23. The decision not to prosecute the appellant affects no recognised right in law. In my view it follows that he has no free-standing right to be given the reasons for the decision not to prosecute. The right to reasons must relate back to the type of decision under scrutiny and to some right actually engaged. If he has no right even to request what he is requesting, he has no right to reasons why his request is refused. This is clear from the authorities to which the Court was referred both in the High Court and on this appeal, and is encapsulated in the short passage already quoted above from Clarke J.’s judgment in Rawson.

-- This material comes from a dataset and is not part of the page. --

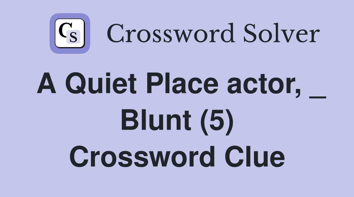 A Quiet Place actor Blunt (5) Crossword Clue Answers Crossword
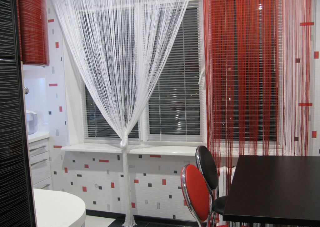 - Kisey. Vorhang, der eine Reihe von separat hängenden Fäden ist. Besonders beliebt ist jetzt solcher Tüll mit einer dekorativen Stickerei auf der Oberseite. Zusätzlich zu den Fenstern wird es in der Tür gut aussehen.

None of the well-known authorities which have been relied upon by the appellant even suggest that a decision made which affects no right to which a person has an entitlement must be explained by the giving of reasons for it.

24. The appellant submitted that even though no right is affected, there nevertheless is an obligation to give reasons for the decision, and pointed to the decision in Mallak as an example where reasons were required to be given, even though the applicant had no entitlement to citizenship. However, in my view that submission is misplaced and overlooks the fact that a person in the position of Mr. Mallak had the right to make an application for a certificate of naturalisation, and to renew that application in the event of a refusal. It was his right to make that application for a certificate and to renew his application which was the right engaged in that case, and not any purported right to citizenship itself. In my view that case is distinguishable from the present case where there is no right to be prosecuted.

25. The Court has also had the benefit of submissions by Counsel for the Amicus Curiae for which it is grateful, and which have been fully considered. But for these reasons stated, I am satisfied that the trial judge was correct to refuse to grant reliefs by way of judicial review, and that this appeal should be dismissed.